Wired-And bus

Thread Starter

cb83

Joined Aug 9, 2007
24
I need help implementing a wired-AND bus for a serial pin (MISO pin on a SPI bus). The MISO (Master in/Slave Out) line comes from 3 different devices and there is a pull up resistor on the input to the Master device which is reading the MISO line. On the current schematic it shows the 3 MISO pins from the 3 slave devices connected directly together then sent to the master device board, but the bus isn't working and I'm wondering if the connections are wrong. Anyone ever done a wired-and bus before? Any advice?
 

Papabravo

Joined Feb 24, 2006
21,226
I need help implementing a wired-AND bus for a serial pin (MISO pin on a SPI bus). The MISO (Master in/Slave Out) line comes from 3 different devices and there is a pull up resistor on the input to the Master device which is reading the MISO line. On the current schematic it shows the 3 MISO pins from the 3 slave devices connected directly together then sent to the master device board, but the bus isn't working and I'm wondering if the connections are wrong. Anyone ever done a wired-and bus before? Any advice?
You don't want a wired AND. What you want is a tri-state bus with the SPI chip select controlling the tri-state enable. Ragardless of how the actual peripheral works this will enforce a controllable bus discipline.

I like the individual active low tri-state buffers like the following from On Semiconductor for this purpose.

http://www.onsemi.com/pub_link/Collateral/MC74VHC1GT125-D.PDF
 

Thread Starter

cb83

Joined Aug 9, 2007
24
I agree that I don't want one, but whoever wired this up said he used a wired-AND bus, which isn't working. And looking at how he connected it, it seems to me like he doesn't know how to implement a wired-AND bus. I'll probably just end up redoing the whole board anyway...like your quote says.
 

Papabravo

Joined Feb 24, 2006
21,226
I meant no offense with my comment. It could work but only if the individual peripherals implement it that way. Some SPI peripherals implement the MISO line as driving all the time, which clearly won't work in a wired AND environment.
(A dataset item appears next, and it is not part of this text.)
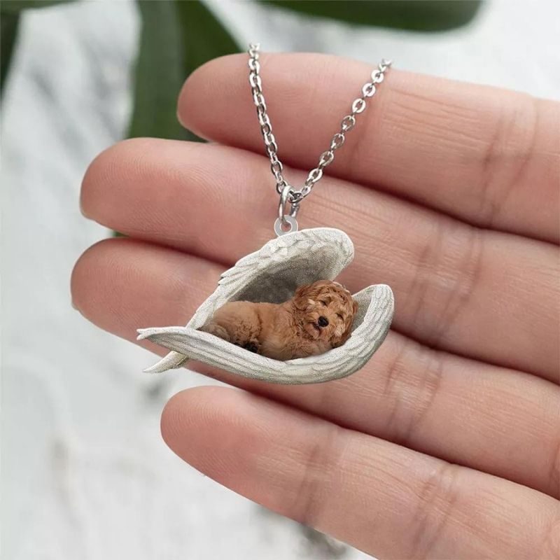 Goldendoodle Sleeping Angel Stainless Steel Necklace SN096

Some SPI peripherals have it go tri-state when SS*(Slave Select*) is inactive. If they did this then it might work if all three SPI peripherals did this.
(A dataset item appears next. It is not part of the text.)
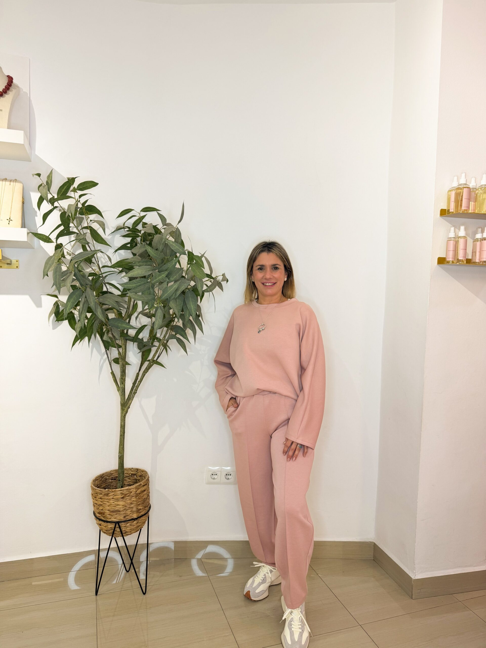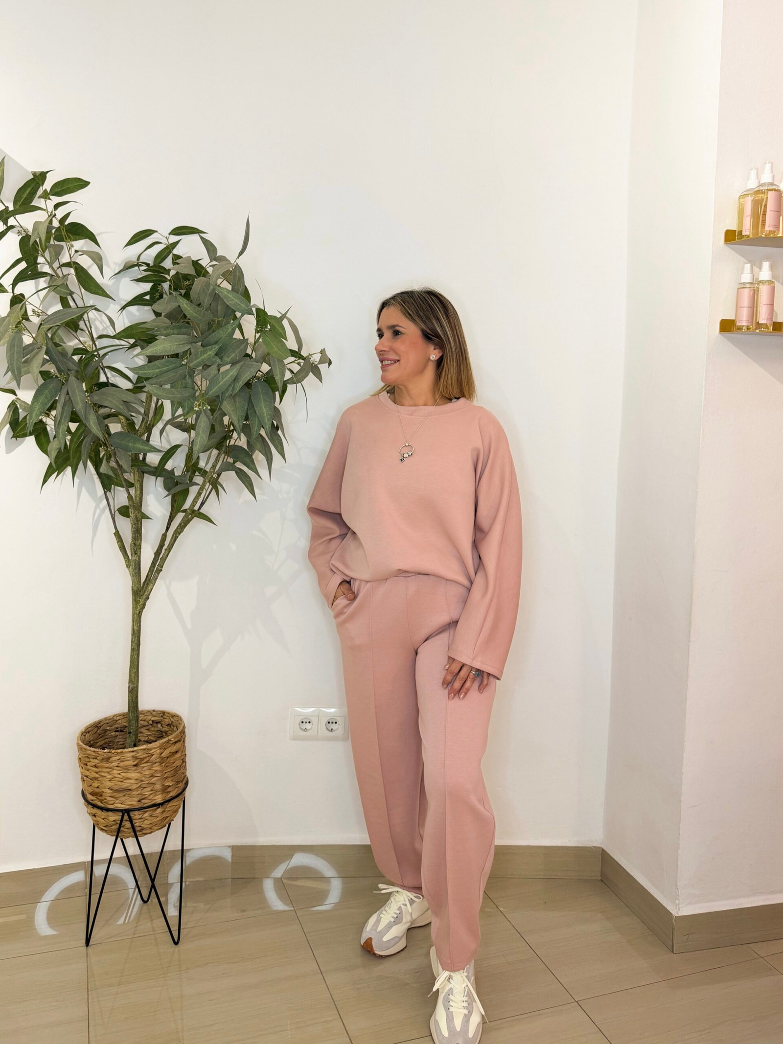 Este conjunto está formado por un pantalón con cintura elástica y bolsillos delanteros, y una sudadera de cuello redondo con caída suave. Dos prendas pensadas para acompañarte con estilo en tu día a día, sin renunciar a la comodidad.

The only way wired AND could work as intended is if there was a pullup resistor and the three SPI peripherals had open collector(drain) drivers on the MISO line. I personally rate this possibility as exceedingly unlikely since most folks abandoned open collector busses in the mid '70s.
 

Papabravo

Joined Feb 24, 2006
21,226
I was thinking of parallel busses when I made the comment. I yield on I2C being open collector, but its speed is limited because of that fact. On the other hand CAN has a number of configurations on controllers like the SJA1000 and its prececessor the 82C200, including push-pull, pulled up, and pulled down. Used with a transceiver, like the 82C251 it is more correct to call CAN quasi-differential with respect to a common ground.

I never was a big fan of using one active/one passive state on the CAN controller TX outputs. We always used transceivers because we had long cables.
 

Caveman

Joined Apr 15, 2008
471
I've never used CAN without the one active/one passive state setup. Don't you lose the auto prioritized arbitration feature of CAN when you do that?
 

Thread Starter

cb83

Joined Aug 9, 2007
24
No offense was taken, sorry if it came off that way.

I think that the slaves are constantly driving the MISO output high, like Papabravo said. I agree that it shouldn't work at all if that is the case. I looked at the VHDL of one of the slaves FPGAs and it doesn't look like it would, but I'm no VHDL expert. All I know is when I try to drive the MISO low I get a current jump that could damage the FPGAs.
 

Papabravo

Joined Feb 24, 2006
21,226
I've never used CAN without the one active/one passive state setup. Don't you lose the auto prioritized arbitration feature of CAN when you do that?
No you don't, but you probably only use the feature on a controller when it is connected to a transceiver. Dominant is still dominant and recessive is still recessive even with a transceiver. Bitwise arbitration still has to happen in the identifier field regardless of how the physical layer is implemented.